══ Available data

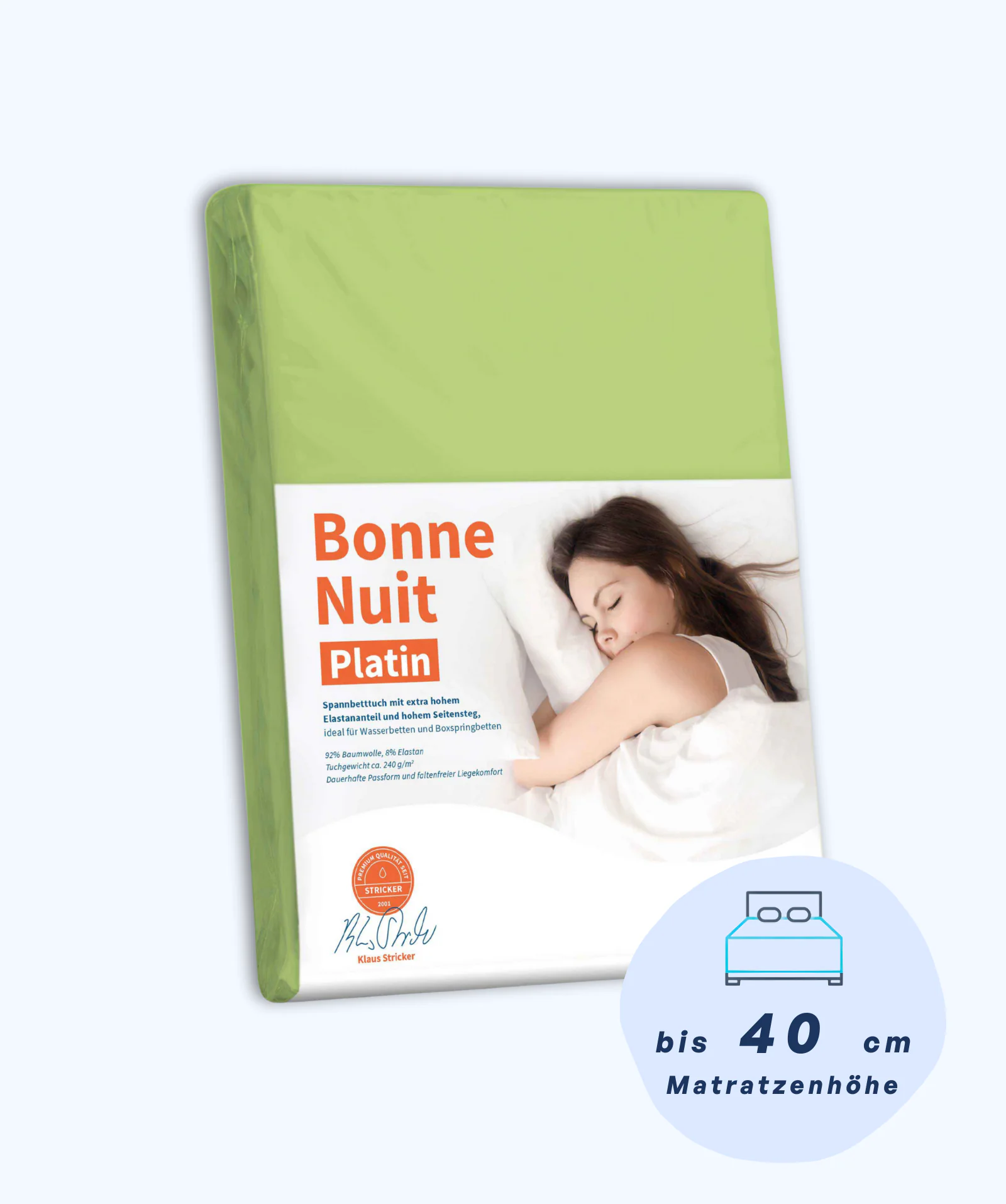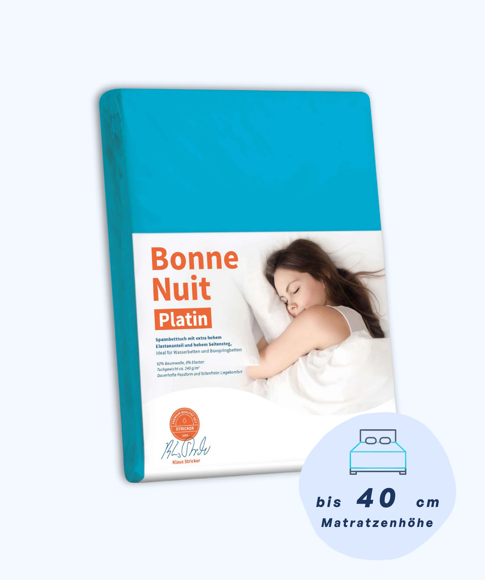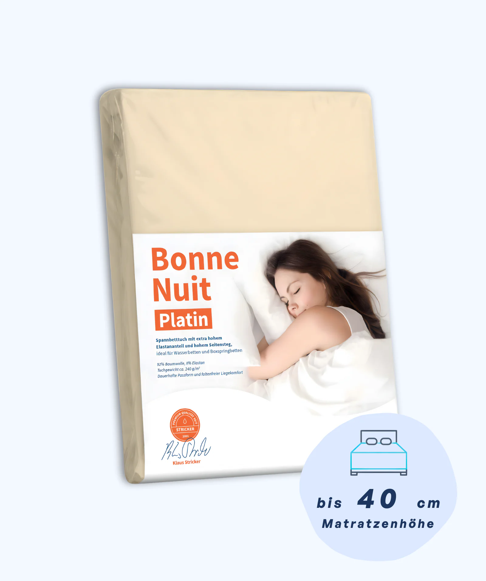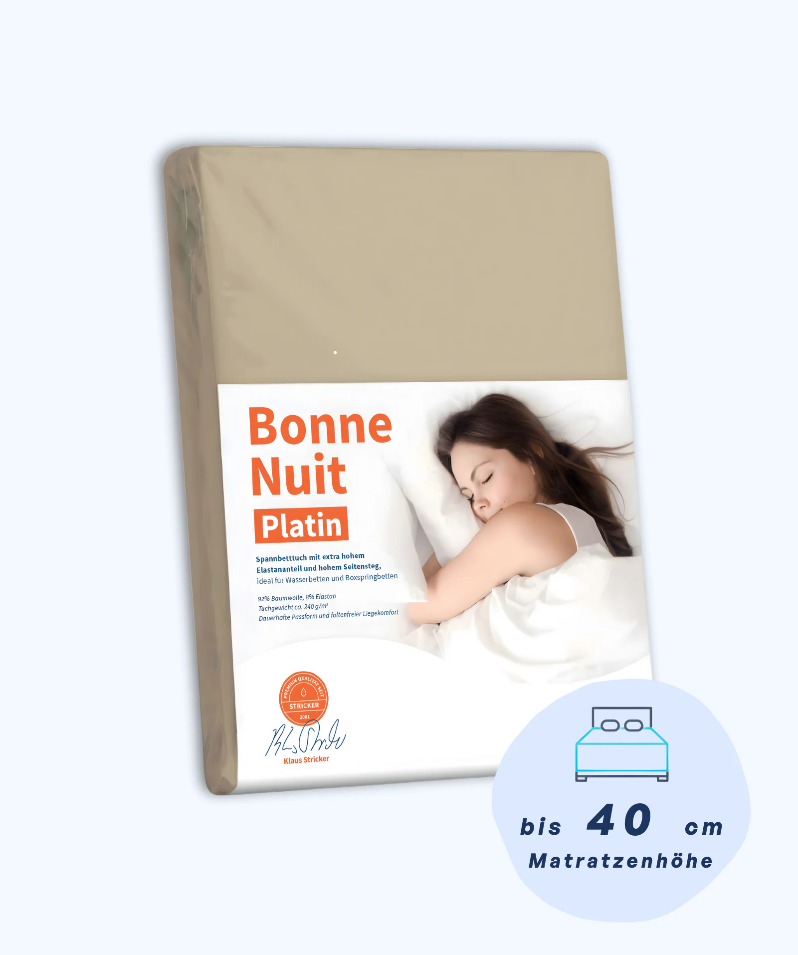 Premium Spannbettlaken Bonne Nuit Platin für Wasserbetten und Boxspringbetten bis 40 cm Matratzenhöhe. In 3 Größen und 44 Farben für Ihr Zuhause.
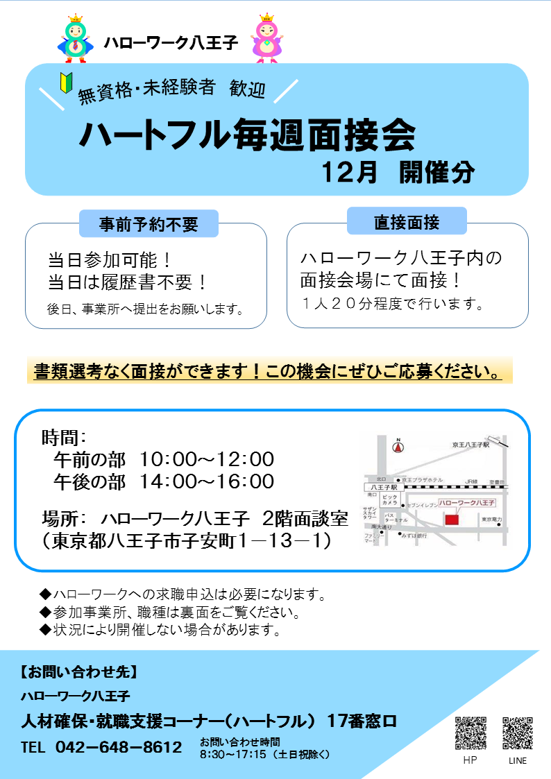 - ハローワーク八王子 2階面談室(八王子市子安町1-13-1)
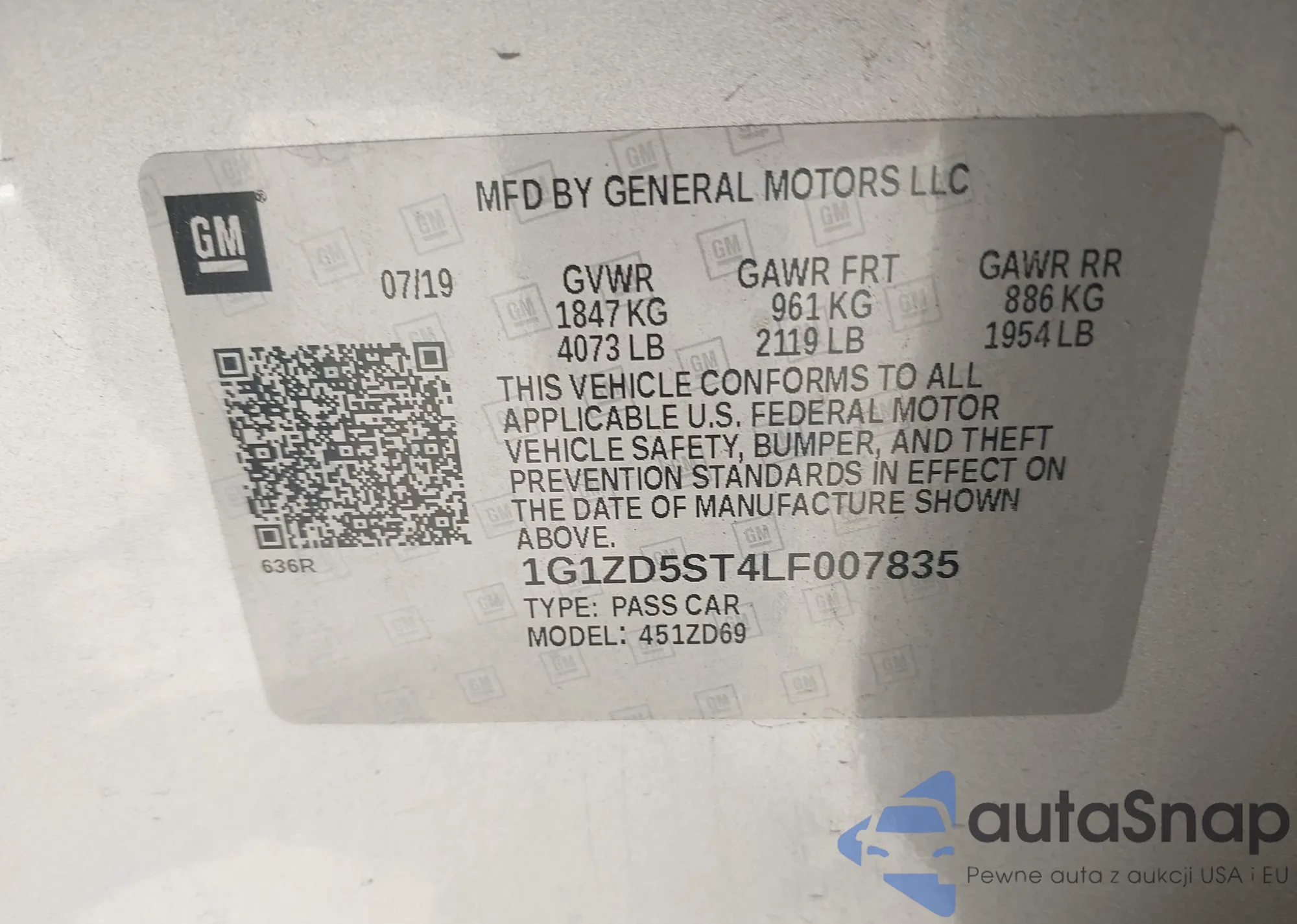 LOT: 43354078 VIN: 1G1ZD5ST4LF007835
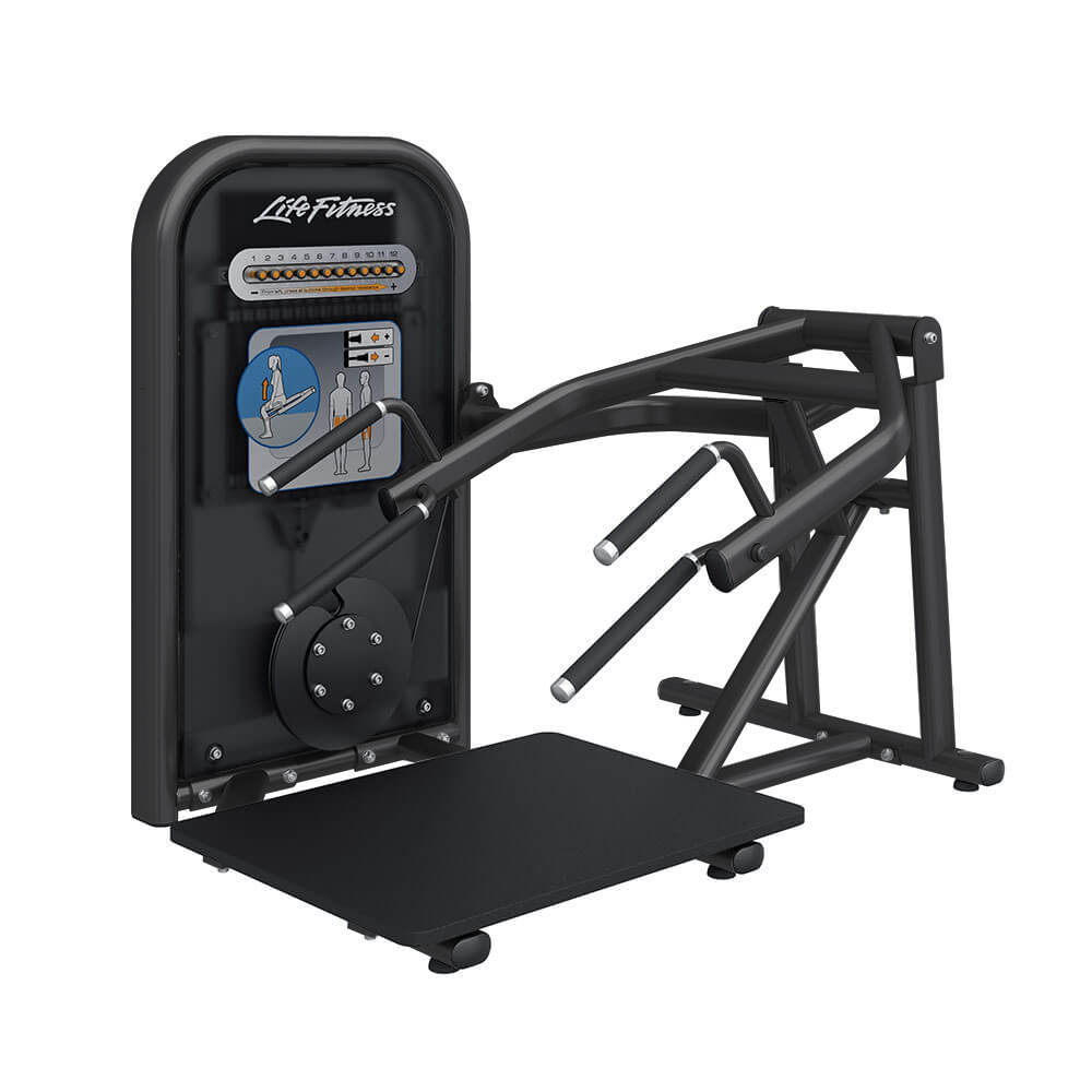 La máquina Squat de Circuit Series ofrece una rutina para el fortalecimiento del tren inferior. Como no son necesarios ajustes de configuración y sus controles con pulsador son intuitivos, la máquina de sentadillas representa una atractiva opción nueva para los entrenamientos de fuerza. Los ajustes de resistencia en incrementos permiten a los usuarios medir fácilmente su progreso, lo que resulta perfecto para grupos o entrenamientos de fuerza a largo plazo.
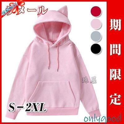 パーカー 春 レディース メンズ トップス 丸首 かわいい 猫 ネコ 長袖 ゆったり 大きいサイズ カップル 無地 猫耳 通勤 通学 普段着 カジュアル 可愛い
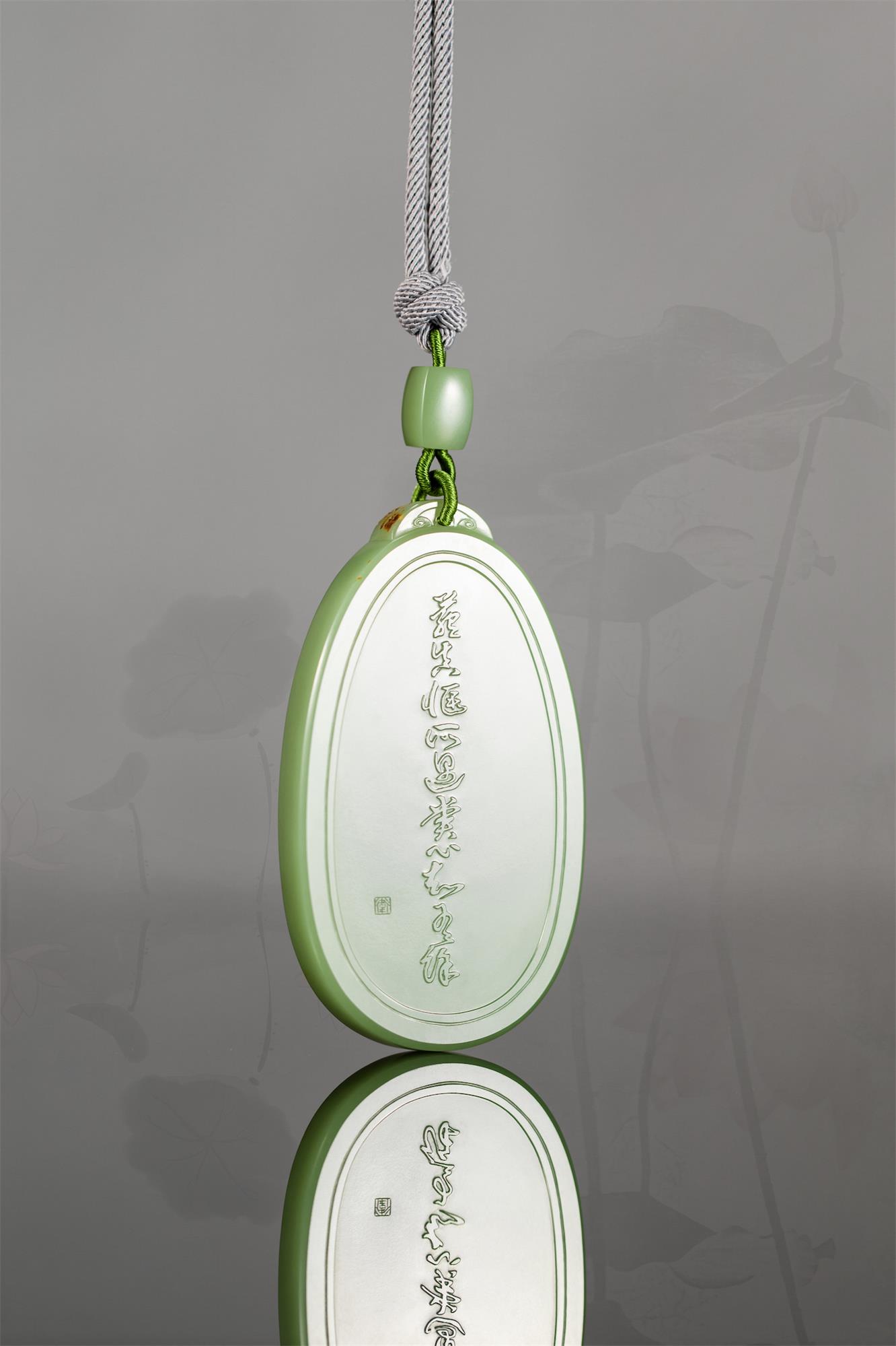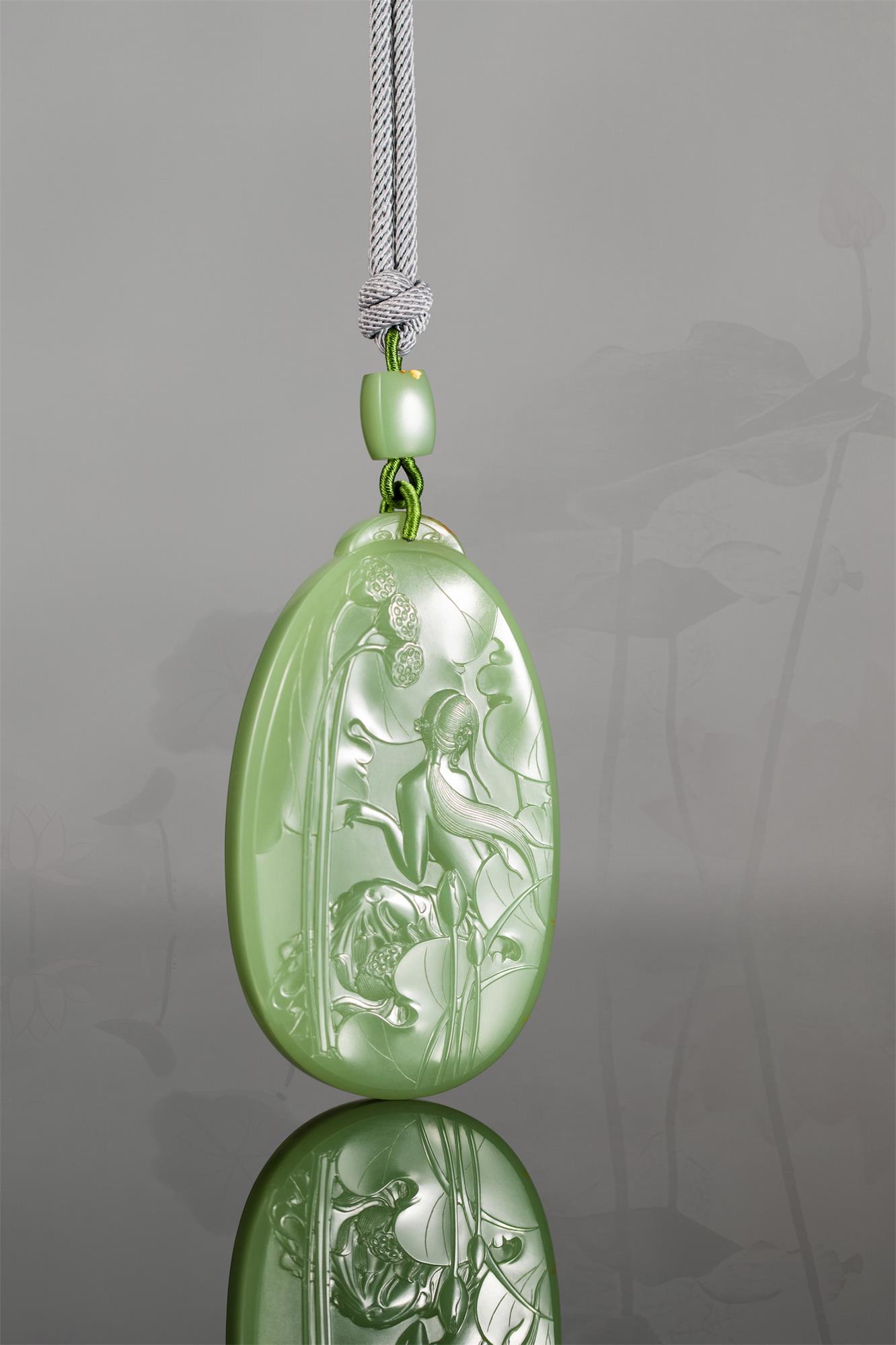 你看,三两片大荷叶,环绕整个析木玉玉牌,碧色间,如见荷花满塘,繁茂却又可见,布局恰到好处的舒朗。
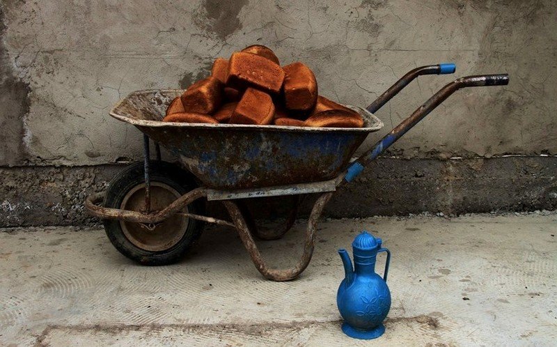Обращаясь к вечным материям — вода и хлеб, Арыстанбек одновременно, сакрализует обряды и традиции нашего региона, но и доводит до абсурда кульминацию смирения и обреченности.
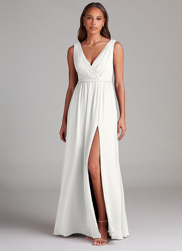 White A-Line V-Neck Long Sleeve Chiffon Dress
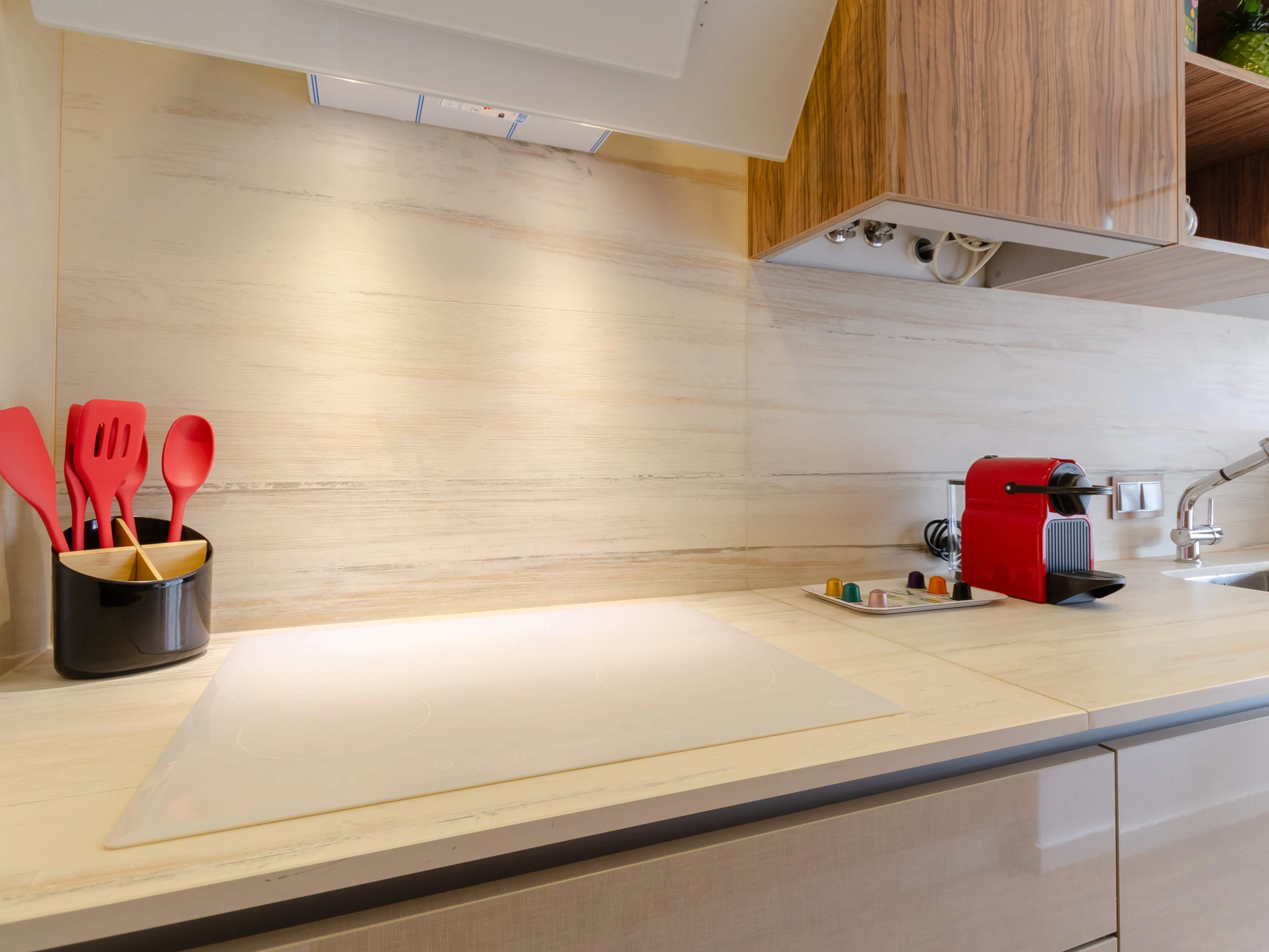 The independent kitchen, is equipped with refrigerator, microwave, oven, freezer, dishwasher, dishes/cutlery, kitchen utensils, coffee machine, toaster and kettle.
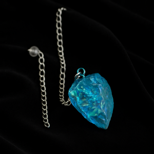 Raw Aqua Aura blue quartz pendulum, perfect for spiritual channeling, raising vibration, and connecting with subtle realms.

════

» **Task details**
Leaving out all pictures, set down exactly the lines of the material above, from the line with "パーカー 春 レディース" to the line with "The independent kitchen, is" inclusive, and no others.

» **Written answer**
 パーカー 春 レディース メンズ トップス 丸首 かわいい 猫 ネコ 長袖 ゆったり 大きいサイズ カップル 無地 猫耳 通勤 通学 普段着 カジュアル 可愛い
 你看,三两片大荷叶,环绕整个析木玉玉牌,碧色间,如见荷花满塘,繁茂却又可见,布局恰到好处的舒朗。
Обращаясь к вечным материям — вода и хлеб, Арыстанбек одновременно, сакрализует обряды и традиции нашего региона, но и доводит до абсурда кульминацию смирения и обреченности.
 White A-Line V-Neck Long Sleeve Chiffon Dress
 The independent kitchen, is equipped with refrigerator, microwave, oven, freezer, dishwasher, dishes/cutlery, kitchen utensils, coffee machine, toaster and kettle.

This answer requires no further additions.